ВНИМАНИЕ! Если данный файл нарушает Ваши авторские права, то обязательно сообщите нам.


Итак, наслаждение – обязательное условие понимания музыкального текста. Какими же стадиями отмечен процесс понимания? Необходимо изначально отграничить те уровни понимания, которые исключаются для «непросвещенной» публики, т.е. для тех слушателей, которые, не владея нотной грамотой, в состоянии воспринимать музыку только в процессе ее реального звучания.

Следующую стадию можно охарактеризовать как сознание. В этом случае восприятие не ограничивается неосознаваемым «пребыванием» в звучащей атмосфере, а пытается проникнуть, пусть и в самом общем виде, в музыкальный текст, усмотрев в нем некие компоненты структуры, фактуры, выделяя семантически «сгущенные» области. Иными словами, включается некий механизм восприятия, при котором, текст существует не только как интегрированная целостность, но подлежит – пусть и самой поверхностной – дифференциации. Понимание продолжает оставаться на том же эмоциональном уровне, однако художественная мысль при этом постигается с некоторой степенью осознанности. Главное – это отклик внутреннего ощущения на энергетические «вибрации», исходящие из музыкального произведения, обусловленные им.
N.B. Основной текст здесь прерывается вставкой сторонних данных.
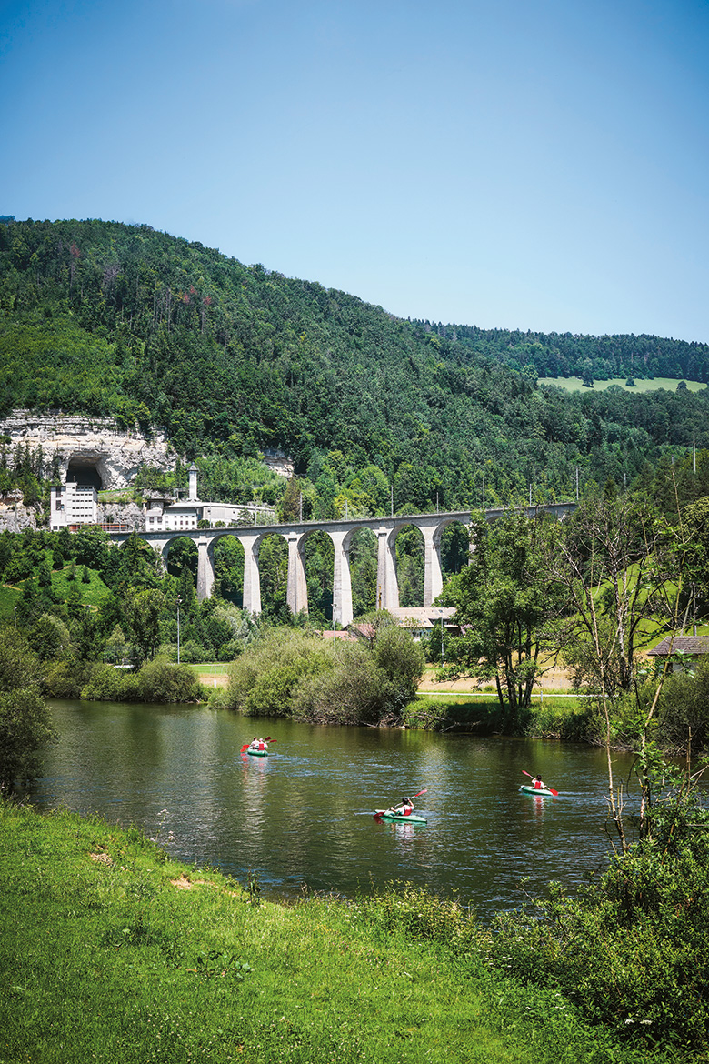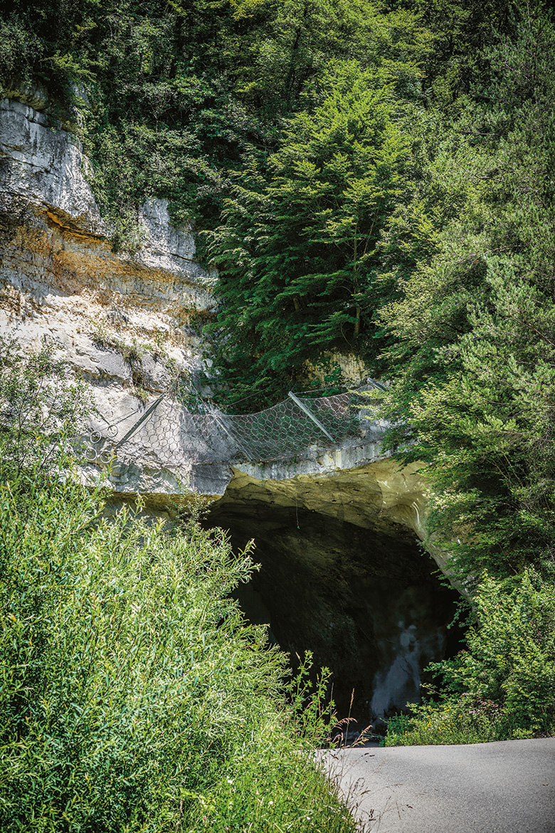 Hoch über dem beschaulichen jurassischen Städtchen St-Ursanne am Doubs klafft ein Loch im Felsen. Es ist – neben dem alten Fabrikgebäude – das letzte sichtbare Zeichen der Kalkfabrik, die hier bis 1993 in Betrieb war. Eine steile Strasse führt zur Tunneleinfahrt ins Felslabor. Rund zweihundert Meter nach der Zufahrt ist vorerst Schluss: Ein Schiebetor öffnet sich, das Auto fährt in eine Schleuse, das Tor schliesst sich. Nun ist man eingesperrt in Tonnen von Felsgestein.
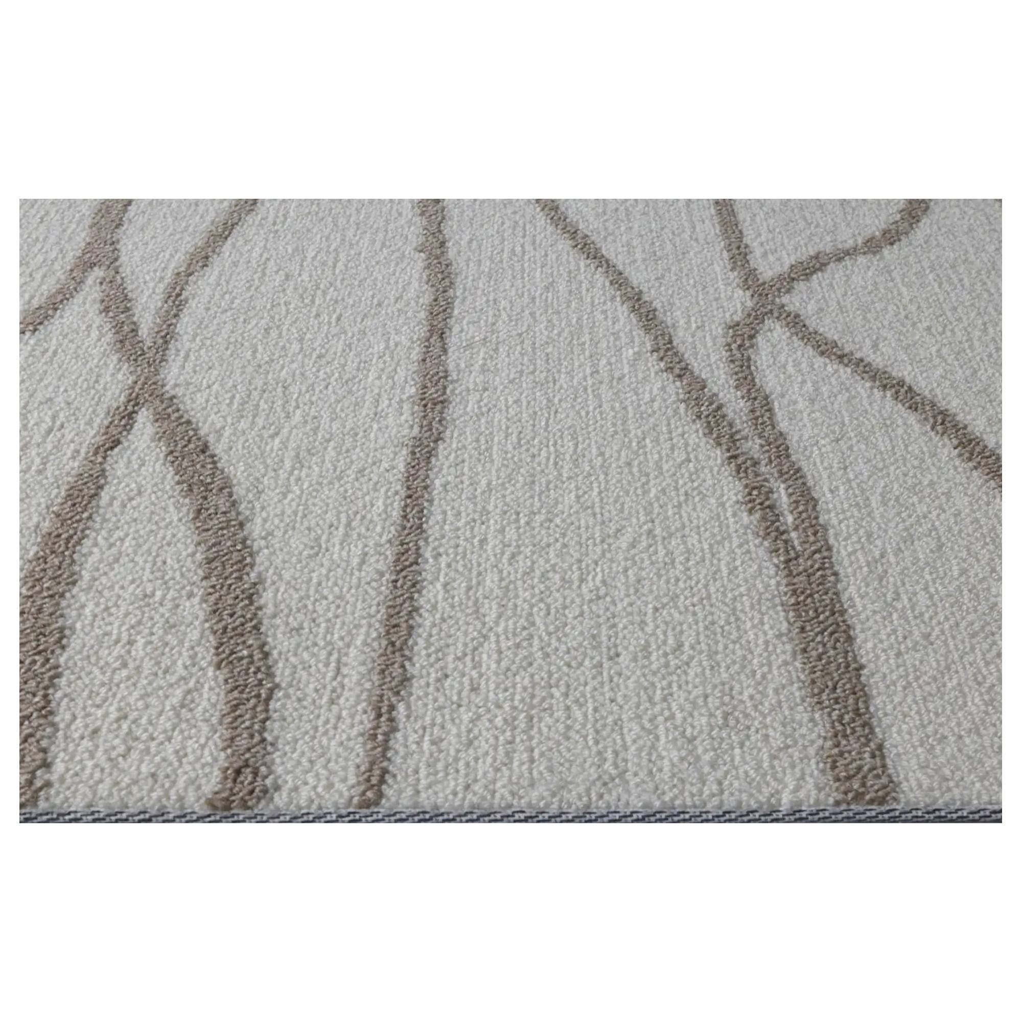 Zaujme svojím jednoduchým vzorom prepletených línií, ktorý krásne vynikne na bielom pozadí. Je strojovo všívaný s výškou vlasu 4 mm so zložením 70% polyesteru a 30% polypropylénu. Polyester zabezpečuje kobercu lepšiu svetlostálosť, vďaka ktorej zostávajú farby živé po dlhšiu dobu. Polypropylén zvyšuje odolnosť voči vlhkosti a škvrnám.

Еще более осознанный тип слияния с континуальной мыслью, заложенной в музыкальном произведении, представляет собой переживание. Обычно такой тип понимания характеризует слушателей с определенным опытом посещения концертов, имеющих какие-то сведения из сферы музыкального искусства, у которых есть представление об авторе, эпохе, в которую он жил и творил; о неких импульсах, предопределивших создание данного конкретного сочинение и т.п. Иногда, даже не отдавая себе в этом отчет, они, тем не менее, при восприятии ассоциируют конкретные компоненты звучащей музыкальной ткани с более или менее определенным, очерченными образами и ситуациями. И их постижение художественной мысли осуществляется не просто на неосознаваемом уровне, они «переживают» не только музыку, но и эти – вызванные ею – образы и ситуации. Таковы, как представляется, первоначальные стадии постижения музыкальной мысли, приобщения к ней и, следовательно, стадии понимания музыкального смысла. Как уже говорилось, такие стадии характеризую прежде всего процесс слушательского восприятия, причем речь идет о таких слушателях, которые не имеют возможности непосредственного соприкосновения с музыкальным текстом в его письменной или печатной форме.
2.3 Осуществление исполнительской интерпретации

Интерпретация (от лат. Interpretation – разъяснение, истолкование) – художественное истолкование певцом, инструменталистом, дирижером, камерным ансамблем музыкального произведения в процессе его исполнения, раскрытие идейно-образного содержания музыки выразительными и техническими средствами исполнительского искусства. Интерпретация предполагает индивидуальный подход к исполняемой музыке, активное к ней отношение, наличие у исполнителя собственной творческой концепции воплощения авторского замысла.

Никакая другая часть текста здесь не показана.